India Inc is treading a cautious path after the political upheaval in Bangladesh which has cast a dark cloud over bilateral trade and investment in the neighbouring country, enfeebling relations in a manner that has never been seen over half a century.
A day after Sheikh Hasina was ousted as the Prime Minister of Bangladesh, Indian companies operating in the country were scrambling to make some sense of how the regime change would impact their business in the months ahead.
Two of India’s largest business chambers, CII and Ficci, preferred to maintain a studied silence on Tuesday. They have opted to adopt a “wait and watch” mode as they try to come to grips with the many moving parts of the equation.
However, individual companies and some of the trade bodies have started to voice their concerns about the unfolding events.
The Adani Group, one of India’s largest conglomerates, has one of the widest footprints in Bangladesh, primarily through their power and foods businesses.
Several FMCG companies such as Marico, Emami, and Dabur have manufacturing units and distribution networks in the country.
Adani Power Ltd, which has set up a 1,600 mega watt thermal power plant at Godda in Jharkhand, supplies electricity to Bangladesh through a cross-country transmission line set up by Adani Energy Solutions Ltd.
Even though APL continues to supply power, the company has several months of payments pending from the Bangladesh Power Development Board (BPDB).
“Adani Power has a PPA (power purchase agreement) with Bangladesh power distribution utility, BPDB to meet their power requirements. In the normal course of business, BPDB is scheduling the power supply to meet their demand. As per that schedule, Adani Power continues to supply power to the Bangladesh power utility without any disruption. Going forward too, we will remain guided by BPDB’s schedule and as per the provisions of PPA between two utilities,” an Adani Power spokesperson said.
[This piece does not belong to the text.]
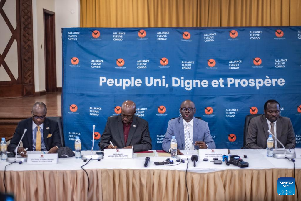Benjamin Mbonimpa (2nd R), M23's representative in several rounds of talks with Kinshasa in Doha, attends a press conference in Goma, the Democratic Republic of the Congo (DRC), July 25, 2025. The March 23 Movement (M23) rebel group announced on Friday that the release of over 700 people detained in connection with the conflict is a prerequisite for any further dialogue with the Democratic Republic of the Congo (DRC) government.

Adani Wilmar also has a strong presence in Bangladesh and owns the country’s top edible oil brand. The company declined to comment on the impact that the political turmoil will have on its operations. Bangladesh Edible Oil Ltd, a 100 per cent subsidiary of Adani Wilmar, posted a revenue of ₹2084 crore and loss of ₹111 crore in FY24.
FMCG player Marico saw its stock plunging by 6.5 per cent on bourses as investors turned cautious about its exposure. Saugata Gupta, MD and CEO of Marico, told analysts at an earnings call that the company remained watchful of the developments in Bangladesh even as it started to reduce the scale of its operations in the country. Bangladesh contributes about 12 per cent revenue and 20 per cent of its EBIDTA (earnings before interest, depreciation, tax and amortization).
Abneesh Roy of Nuvama Institutional Equities said Emami’s Bangladesh business was a “disaster” for the company in July as it battled currency depreciation and other macroeconomic issues. The country contributes 4 per cent of Calcutta-based Emami’s revenues and profits.
Trade woes
Bangladesh is India’s biggest trade partner in South Asia, while India is the second biggest trade partner of the neighbouring country in Asia. However, it accounted for only 2.53 per cent of India’s exports and experts believe the turmoil would not have any meaningful impact on India’s overall exports this fiscal.
While the overall impact from a country perspective may not be significant, industry segments appear worried about the prospects.
“The political developments in Bangladesh are a significant concern for Indian engineering exporters. As one of the top destinations for Indian engineering products and our largest trading partner in South Asia, stability in Bangladesh is crucial for maintaining and expanding trade relations,” said Arun Garodia, chairman of Engineering Exports Promotion Council.